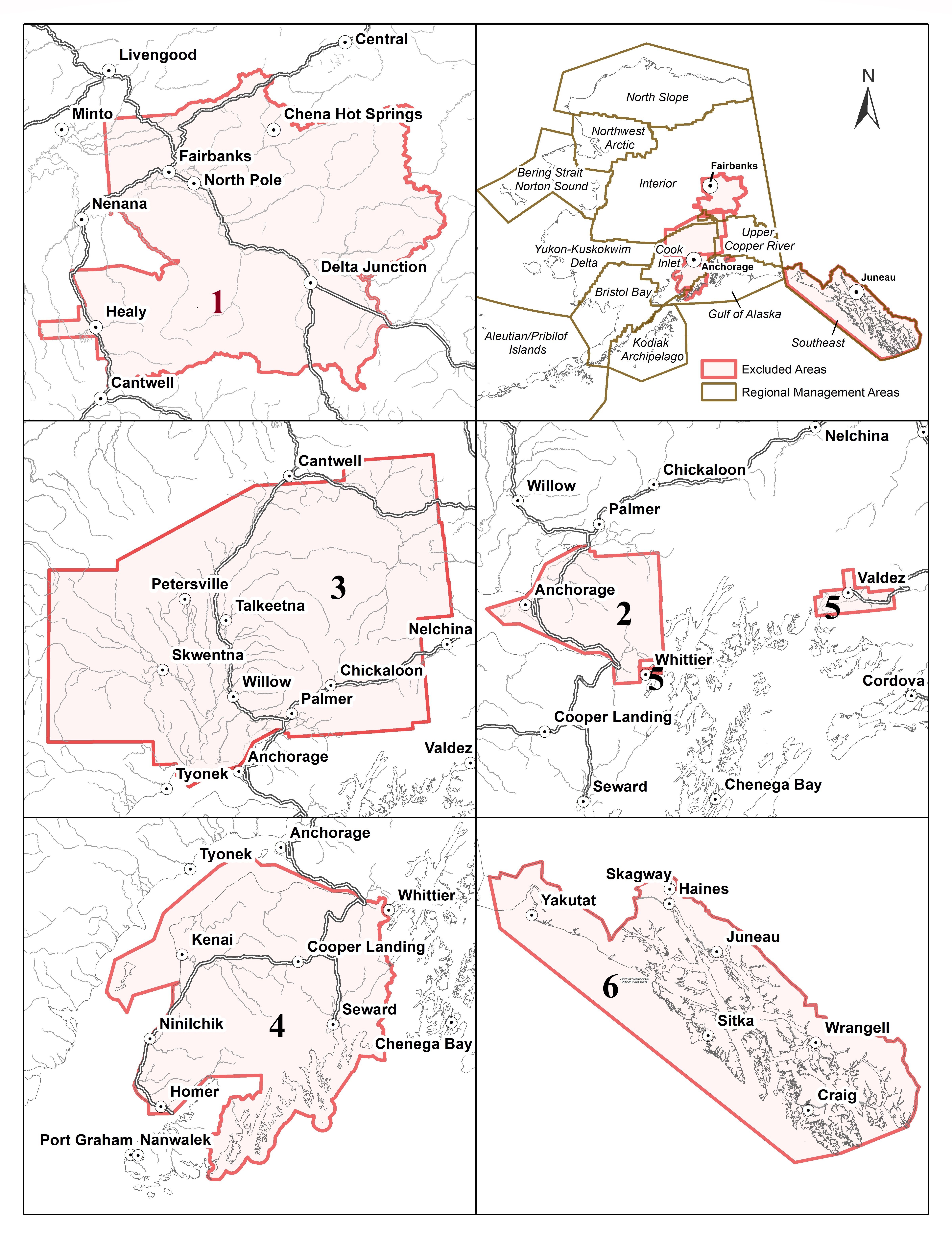 The excluded areas where harvest of migratory birds is not allowed for the spring/summer migratory bird subsistence hunt in Alaska. Exceptions are for any portion of the excluded area that falls within a harvest area that has been designated for a specific community (see Region-Specific Regulations sections).
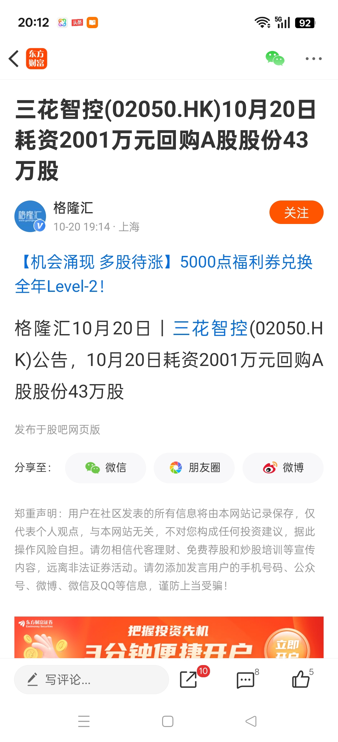 温馨提示: 1.根据《证券法》规定,禁止编造、传播虚假信息或者误导性信息,扰乱证券市场;2.用户在本社区发表的所有资料、言论等仅代表个人观点,与本网站立场无关,不对您构成任何投资建议。用户应基于自己的独立判断,自行决定证券投资并承担相应风险。《东方财富社区管理规定》
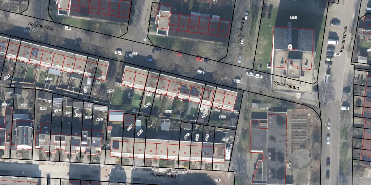 Het perceel waarop Spechtstraat 80 staat heeft een oppervlakte van 1106 m². Dit is een zeer groot perceel. De perceeloppervlakte wordt geregistreerd door het Kadaster. Gedetailleerde informatie over de maten van dit perceel kunt u vinden in het rapport Kadastrale kaart met maatvoering van Spechtstraat 80.
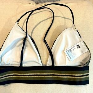 D01.16. H&M Green/Gold Stripe Tropical Print Triangle bikini top Sz 6
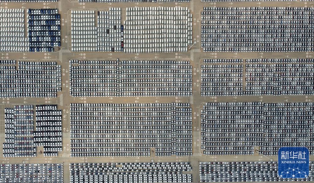 ↑2023年7月7日,汽车整齐排列在天津港海嘉滚装码头(无人机照片)。新华社记者 赵子硕 摄
☆ ☆ ☆ ☆ ☆
◆ **Your task**
Restate the data above exactly, stripping out each image.

◆ **Answer box**
 The excluded areas where harvest of migratory birds is not allowed for the spring/summer migratory bird subsistence hunt in Alaska. Exceptions are for any portion of the excluded area that falls within a harvest area that has been designated for a specific community (see Region-Specific Regulations sections).
 温馨提示: 1.根据《证券法》规定,禁止编造、传播虚假信息或者误导性信息,扰乱证券市场;2.用户在本社区发表的所有资料、言论等仅代表个人观点,与本网站立场无关,不对您构成任何投资建议。用户应基于自己的独立判断,自行决定证券投资并承担相应风险。《东方财富社区管理规定》
 Het perceel waarop Spechtstraat 80 staat heeft een oppervlakte van 1106 m². Dit is een zeer groot perceel. De perceeloppervlakte wordt geregistreerd door het Kadaster. Gedetailleerde informatie over de maten van dit perceel kunt u vinden in het rapport Kadastrale kaart met maatvoering van Spechtstraat 80.
 D01.16. H&M Green/Gold Stripe Tropical Print Triangle bikini top Sz 6
 ↑2023年7月7日,汽车整齐排列在天津港海嘉滚装码头(无人机照片)。新华社记者 赵子硕 摄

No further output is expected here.